MO_22_2510 - Role of radiation therapy in high-grade, small soft tissue sarcomas

Monday, October 22
10:45 AM - 12:15 PM
Location: Innovation Hub, Exhibit Hall 3

Role of radiation therapy in high-grade, small soft tissue sarcomas
N. B. Figura1, G. Q. Yang2, K. A. Ahmed3, and A. O. Naghavi3; 1Moffitt Cancer Center, Tampa, FL, 2H. Lee Moffitt Cancer Center and Research Institute, Department of Radiation Oncology, Tampa, FL, 3H. Lee Moffitt Cancer Center and Research Institute, Tampa, FL

Purpose/Objective(s): In soft tissue sarcoma (STS), surgery is the primary component of treatment. Risk of local recurrence is lower when resected with clear margins, patient age ≤50, and with the addition of radiotherapy (RT). In small (<5cm) high grade STS, resected with clear margins, there is controversy whether RT offers a significant benefit to surgery alone. We hypothesized that the addition of RT to small high-grade STS may improve outcome in a large population-based cohort.
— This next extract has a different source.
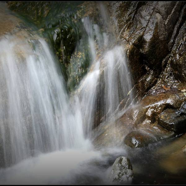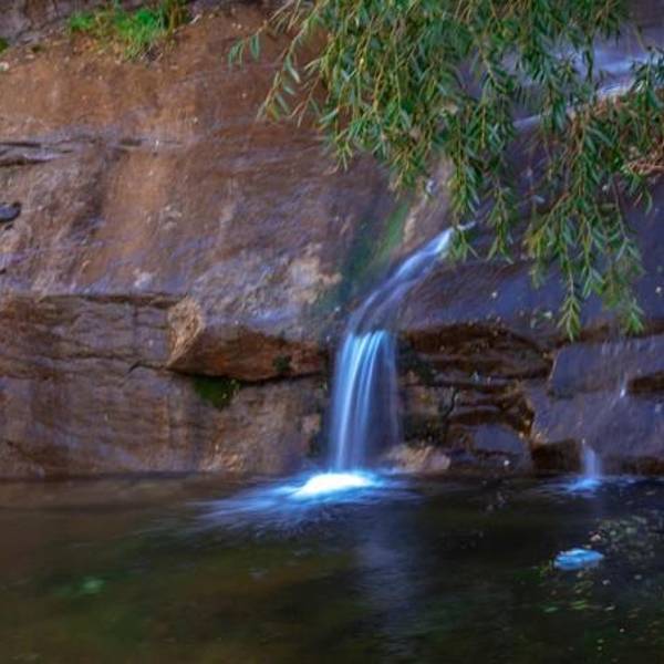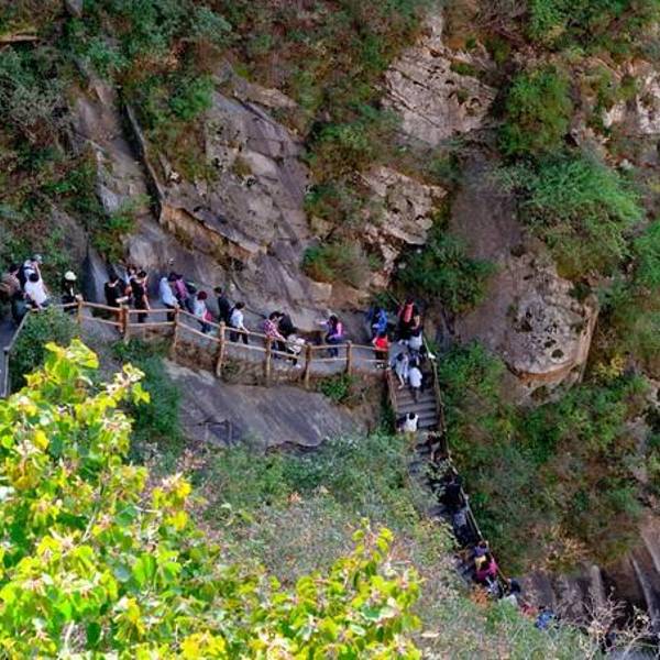 一个平台休息区,一束阳光从山顶尖直射而下,洒满大半个峡谷,似乎又到了另外一个世界……大瀑布的豪壮,与小溪的柔情,都是大自然的杰作……手持拍瀑布,确实困难重重,特别是在有风及强光对比下……人群总是集中在有潭水的地方。大家灿烂的表情。十月深秋,水量已很小了,但串串溪流,映衬峡谷,倒也惬意。三嫂素颜照。胜境清凉。只是小溪已接近干涸。双龙瀑

Materials/Methods: The National Cancer Data Base (NCDB) was queried for patients diagnosed with clinically T1N0M0, high grade STS from 2004 to 2015. All patients had negative surgical margins at the time of resection, with a minimum of 3 months follow up. Patients diagnosed with pathologic nodal involvement or received chemotherapy were excluded from the analysis. Patient characteristics were compared via Pearson-chi square test and Mann-Whitney U-test as appropriate. Overall survival (OS) was estimated by Kaplan-Meier with predictors assessed via log-rank for univariate analysis, and Cox regression multivariate analysis (MVA).

Results: A total of 2895 STS patients were identified, with a median follow-up of 47 months (3-148 months). Patients were treated with surgery, either with (n=1349, 47%) or without (n= 1546, 53%) RT. The most common histologies encountered were giant cell sarcoma (17%), leiomyosarcoma (17%), pleomorphic sarcoma (15%), and nonspecified sarcoma (8%). The median age of patients was 65 (18-90) with tumor size of 35mm (interquartile range 25-45mm). Patients were primarily Charlson-Deyo comorbidity score (CDCS) ≤1 (n=2779, 96%), within the highest income quartile (n=1018, 35%), and >50 years of age (n=2228, 77%). There was no difference in age (>50 vs ≤ 50 years), gender, CDCS, or income level between the RT and no RT groups (p>0.05 for all). Patients receiving RT were more likely to have larger tumors (median 38mm vs 34 mm, p<0.01), when compared to the surgery alone group. The addition of RT was associated with nearly an 18 month absolute increase in median survival (125 vs 143 months), translating to an improvement in 5-year OS (78% vs 72%, p<0.01). RT’s OS benefit persisted on MVA (HR 0.82, 95%CI 0.71-0.95, p=0.01). Other variables associated with OS on MVA include worse CDCS (HR 1.2, 95%CI 1.1-1.4, p<0.01) and increasing age (HR 1.04 95% CI 1.03-1.05 p<0.01). On subset analysis stratified by age, age >50 (median 70, 51-90) had a more pronounced RT benefit on MVA (HR 0.81, 95% CI 0.69-0.95, p=0.01), whereas age ≤ 50 (median 40, 18-50) found no OS benefit with the addition of RT (HR 0.96 95% CI 0.61-1.51, p=0.85).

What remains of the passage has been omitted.